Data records
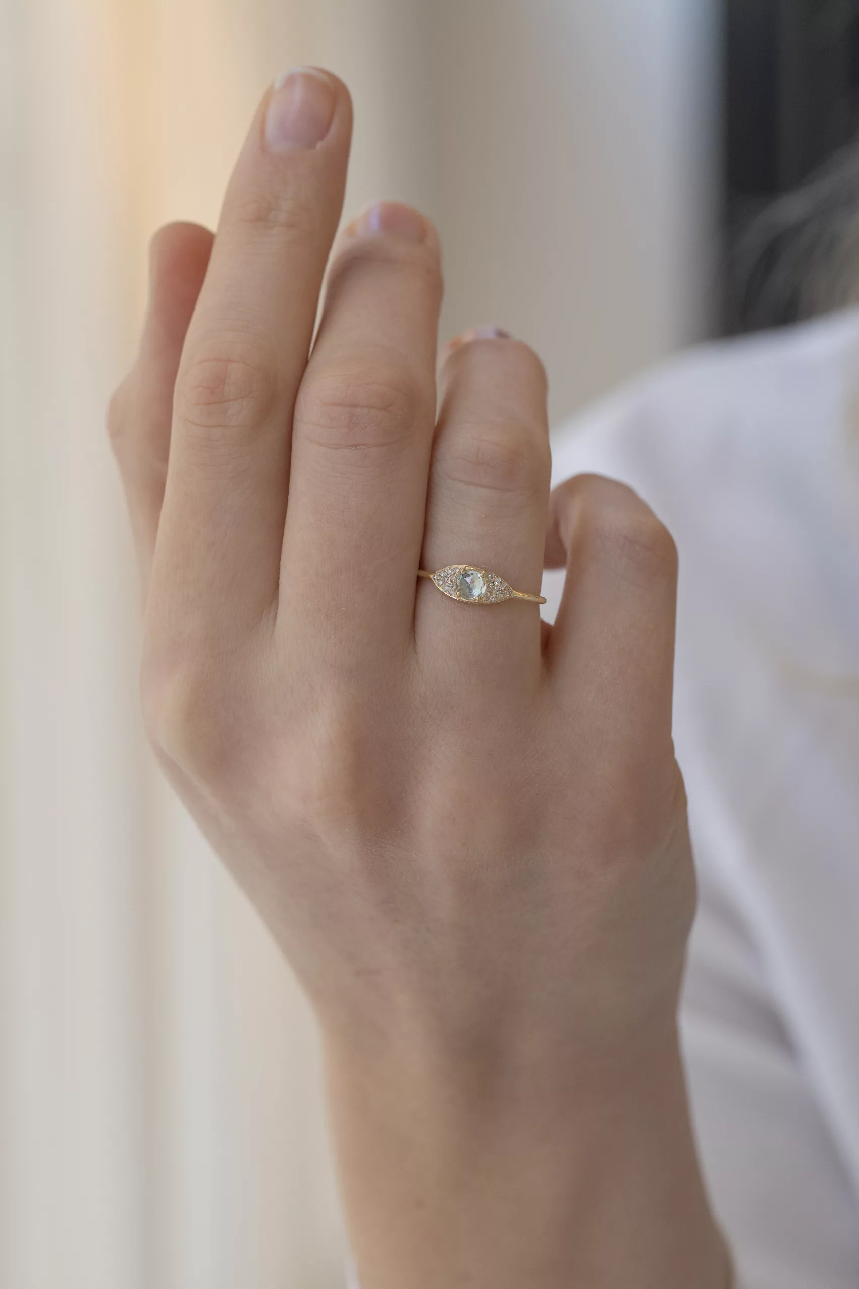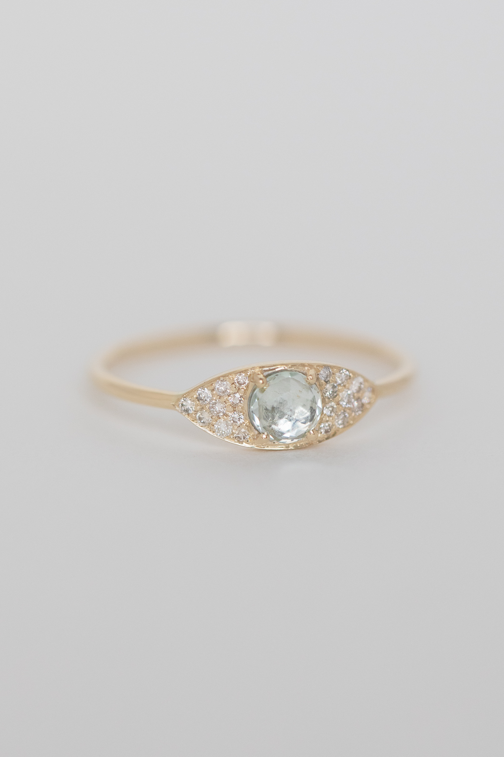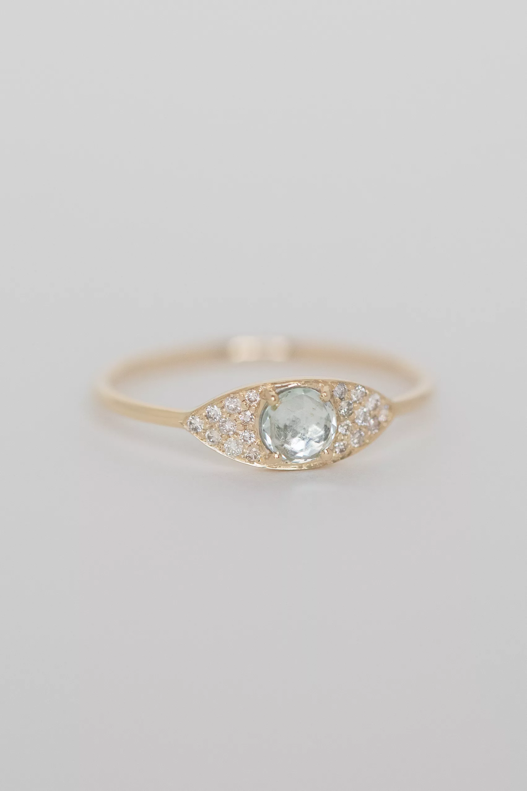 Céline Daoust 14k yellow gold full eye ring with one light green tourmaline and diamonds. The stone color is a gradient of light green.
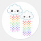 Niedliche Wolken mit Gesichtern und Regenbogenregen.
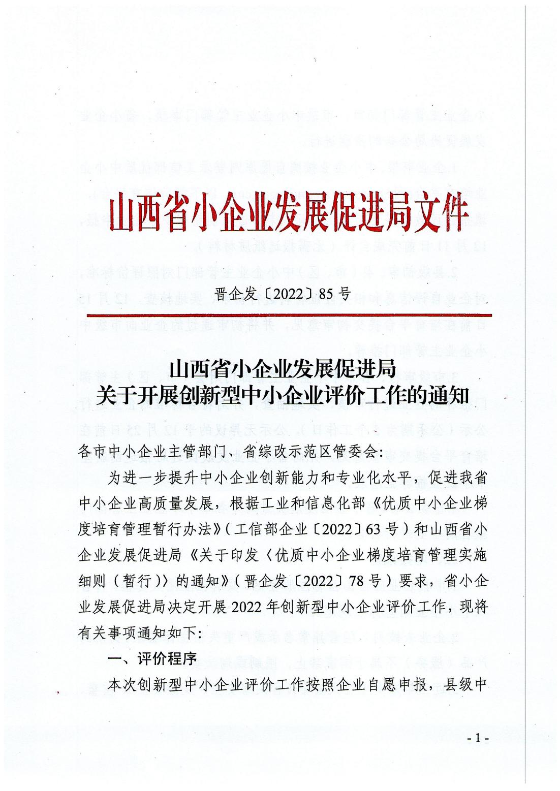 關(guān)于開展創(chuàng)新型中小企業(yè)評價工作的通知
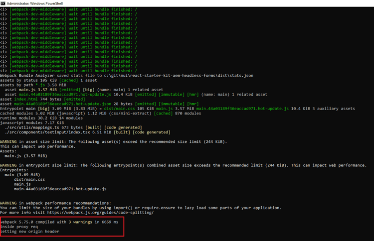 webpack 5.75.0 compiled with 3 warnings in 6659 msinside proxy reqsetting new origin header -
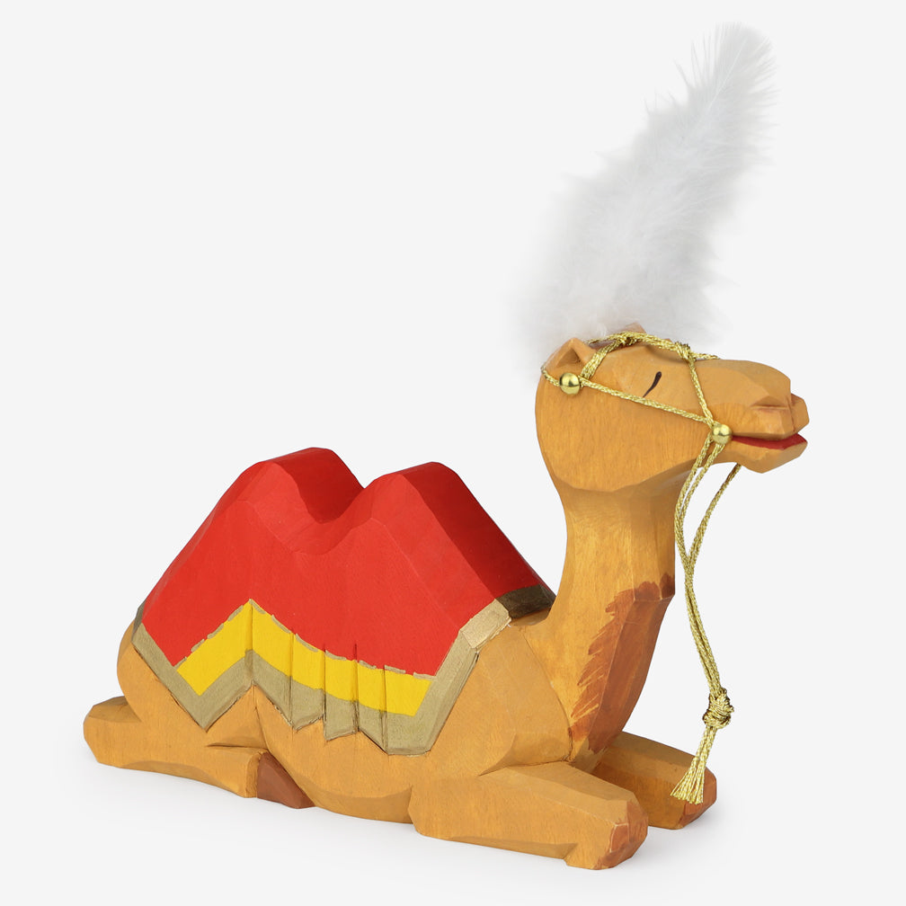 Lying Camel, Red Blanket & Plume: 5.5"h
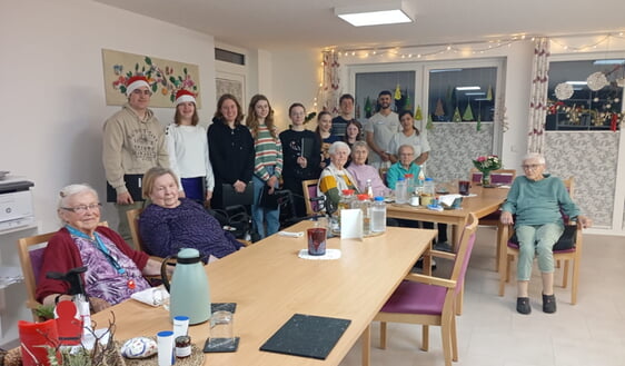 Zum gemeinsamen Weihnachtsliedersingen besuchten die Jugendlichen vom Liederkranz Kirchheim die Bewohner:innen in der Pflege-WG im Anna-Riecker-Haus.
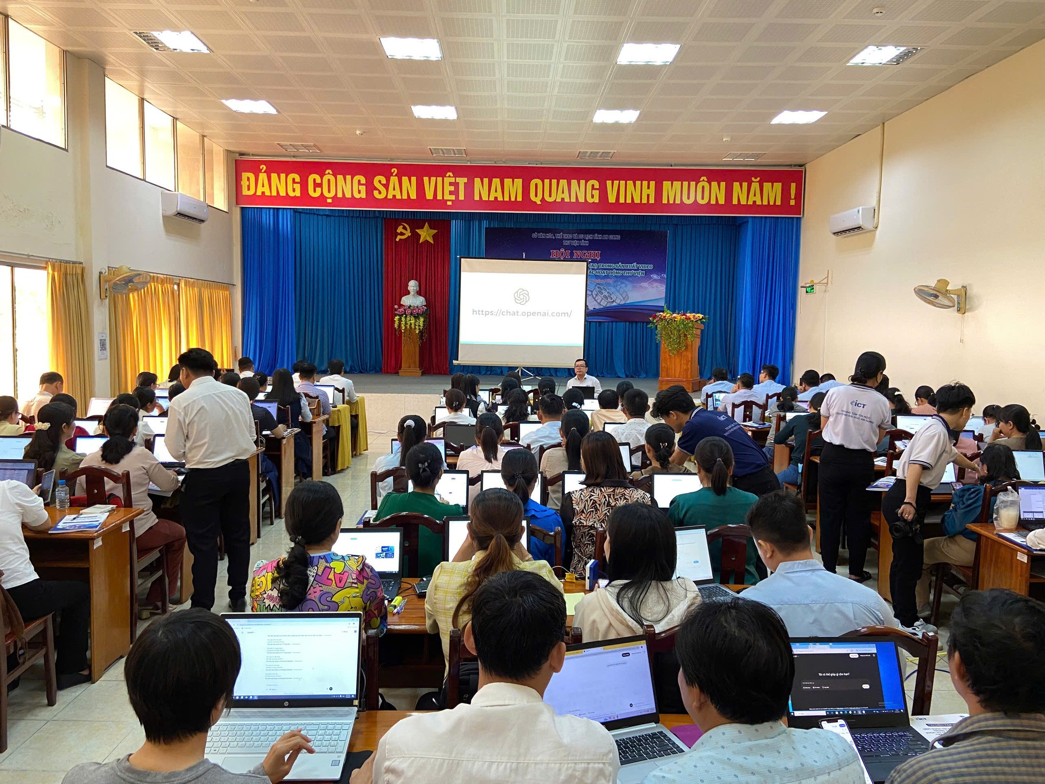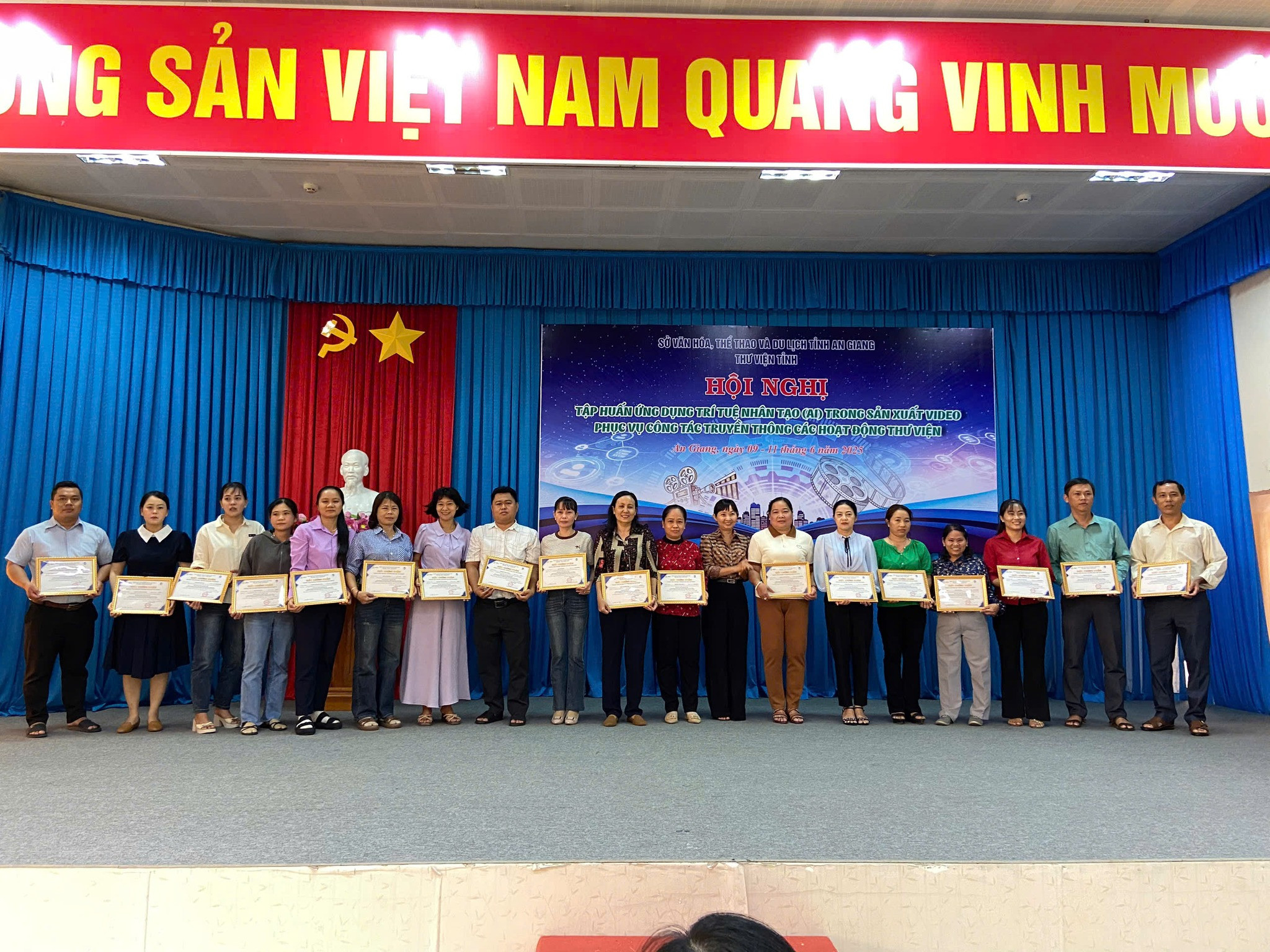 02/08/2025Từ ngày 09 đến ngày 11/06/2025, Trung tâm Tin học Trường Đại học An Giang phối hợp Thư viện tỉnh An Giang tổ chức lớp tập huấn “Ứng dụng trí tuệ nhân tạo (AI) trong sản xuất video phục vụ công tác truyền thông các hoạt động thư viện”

# WHAT IS REQUIRED:
Going from the line holding "Niedliche Wolken mit" to the last line of the data above, reproduce every line exactly, both included, with the pictures omitted.

# ANSWER BOX:
 Niedliche Wolken mit Gesichtern und Regenbogenregen.
 關(guān)于開展創(chuàng)新型中小企業(yè)評價工作的通知
 webpack 5.75.0 compiled with 3 warnings in 6659 msinside proxy reqsetting new origin header -
 Lying Camel, Red Blanket & Plume: 5.5"h
 Zum gemeinsamen Weihnachtsliedersingen besuchten die Jugendlichen vom Liederkranz Kirchheim die Bewohner:innen in der Pflege-WG im Anna-Riecker-Haus.
 02/08/2025Từ ngày 09 đến ngày 11/06/2025, Trung tâm Tin học Trường Đại học An Giang phối hợp Thư viện tỉnh An Giang tổ chức lớp tập huấn “Ứng dụng trí tuệ nhân tạo (AI) trong sản xuất video phục vụ công tác truyền thông các hoạt động thư viện”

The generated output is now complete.